The map below shows the approximate location of all clients referred to us in 2018 and clients who completed counselling in 2017.
In addition to these issues, we have lost some of our trained volunteers in the last couple of years due to retirement and relocation.
Demand for Daylight’s service
Daylight has been offering counselling services since its inception over 13 years ago. During that time we have received many recommendations and referrals from the NHS Mental Health Team (often via the Crisis Team), local doctors and local churches. We have counselled hundreds of clients during that time. Most of the time we have a waiting list of anything up to 10 potential clients. Recently, we have had to close the waiting list on a number of occasions because waiting times on the list have become unacceptably long.

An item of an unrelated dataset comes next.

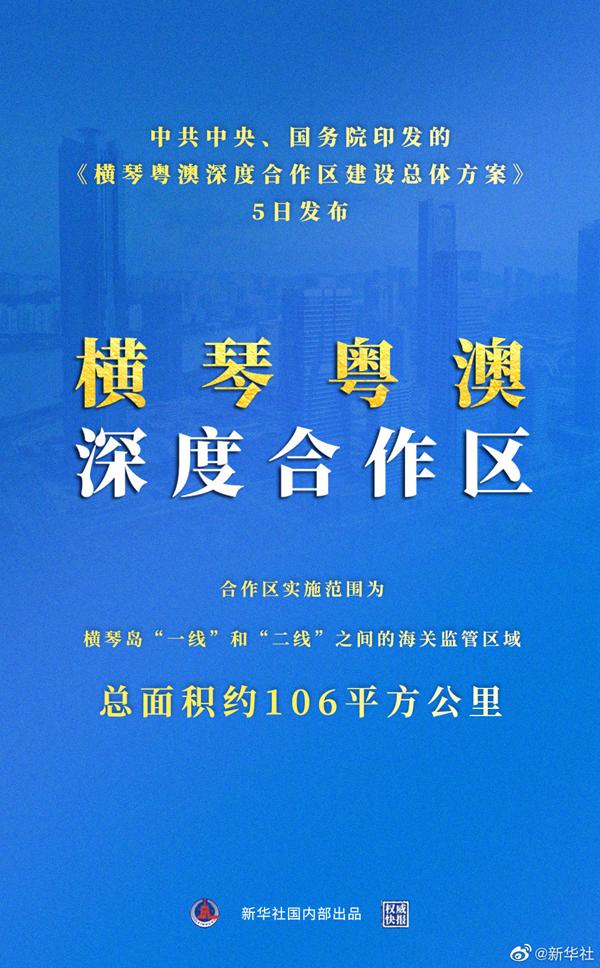 中共中央、国务院印发的《横琴粤澳深度合作区建设总体方案》5日发布。合作区实施范围为横琴岛“一线”和“二线”之间的海关监管区域,总面积约106平方公里。其中,横琴与澳门特别行政区之间设为“一线”;横琴与中华人民共和国关境内其他地区之间设为“二线”。根据横琴全岛客观现实情况,对合作区进行分区分类施策管理。这是丰富“一国两制”实践的重大部署,是为澳门长远发展注入的重要动力,有利于推动澳门长期繁荣稳定和融入国家发展大局。

The paragraphs above demonstrate that we are already effective in engaging with users. However, there are shortfalls in our current provision due to lack of resources and geography leading to a sometimes lengthy waiting list and difficulty in provision for people living in parts of the borough further away from Leigh.
Our proposal is directed at removing these shortfalls and increasing our overall effectiveness by:
1. recruiting additional trained volunteers and/or providing training to volunteers so that the waiting list can be reduced giving shorter waiting times and reducing the number of people who drop off the list,
2. opening a counselling centre in Wigan to make it easier for potential clients in the north and west of the Borough to access our services, and
3. increasing our support base amongst local churches, including churches in Wigan, to support existing and expanded service provision and to make the service more secure for the future.